_PROBLEM REQUIREMENTS_
Here the job is to retype the data word for word while leaving the pictures aside.

(Records from a dataset)

● ● ● ● ●

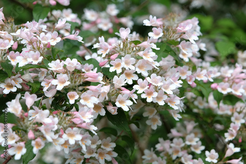White Kolkwitzia amabilis, Beauty Bush in flower.
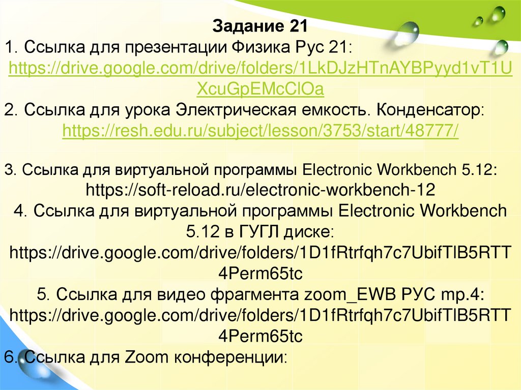 Задание 211. Ссылка для презентации Физика Рус 21:
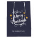 Merry Christmas Typography Midnight Blue White Medium Gift Bag
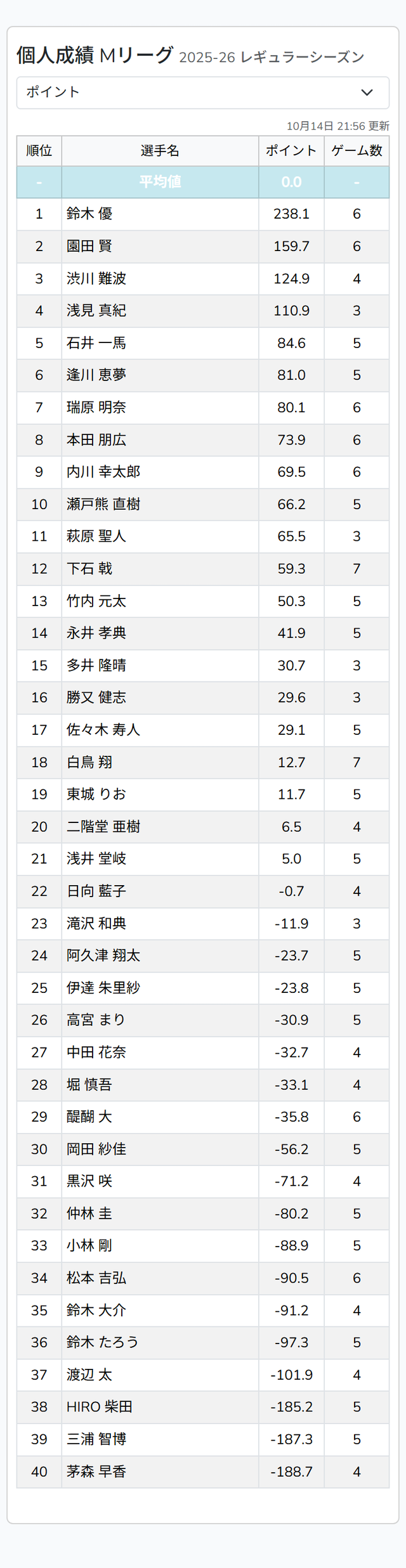 — Mリーグ/プロ麻雀リーグ (@m_league_) October 14, 2025
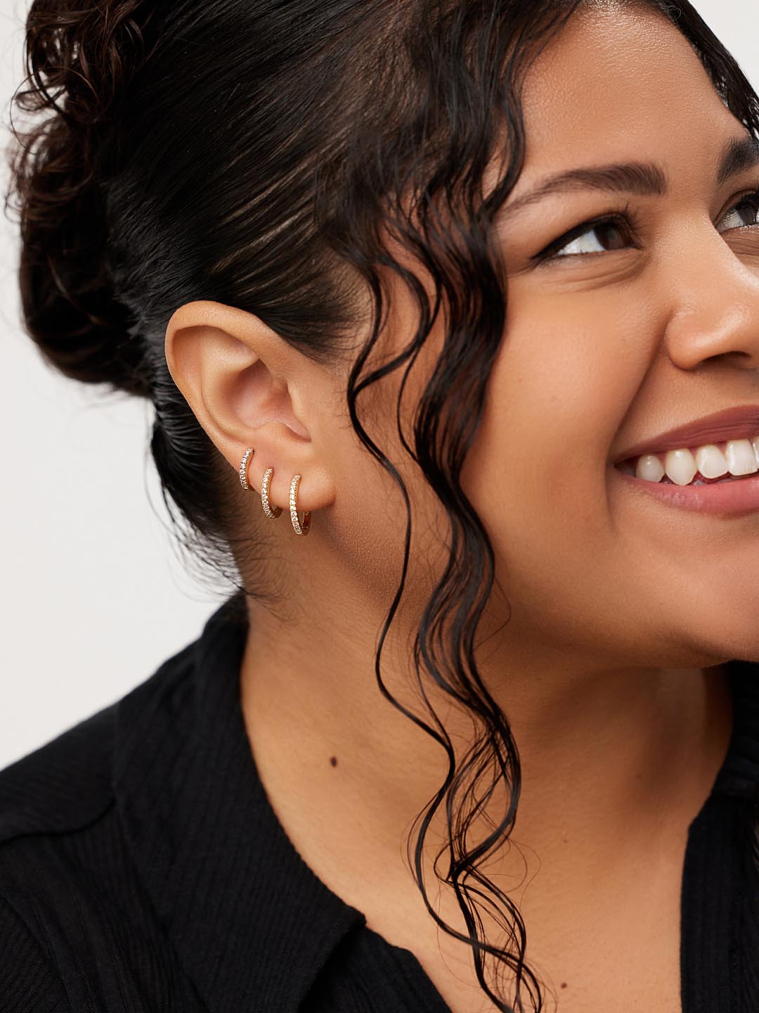 Pave the way in style with these gold huggie hoop earrings, the hoops you won’t be able to accessorize without. Made with 14k gold plating and a stunning row of gems, these gold huggie hoop earrings fit perfectly in any earring stack or steal the show on their own. Style with our Tia Mini earrings for a golden combo.

● ● ● ● ●

_WRITTEN SOLUTION_
White Kolkwitzia amabilis, Beauty Bush in flower.
 Задание 211. Ссылка для презентации Физика Рус 21:
 Merry Christmas Typography Midnight Blue White Medium Gift Bag
 — Mリーグ/プロ麻雀リーグ (@m_league_) October 14, 2025
 Pave the way in style with these gold huggie hoop earrings, the hoops you won’t be able to accessorize without. Made with 14k gold plating and a stunning row of gems, these gold huggie hoop earrings fit perfectly in any earring stack or steal the show on their own. Style with our Tia Mini earrings for a golden combo.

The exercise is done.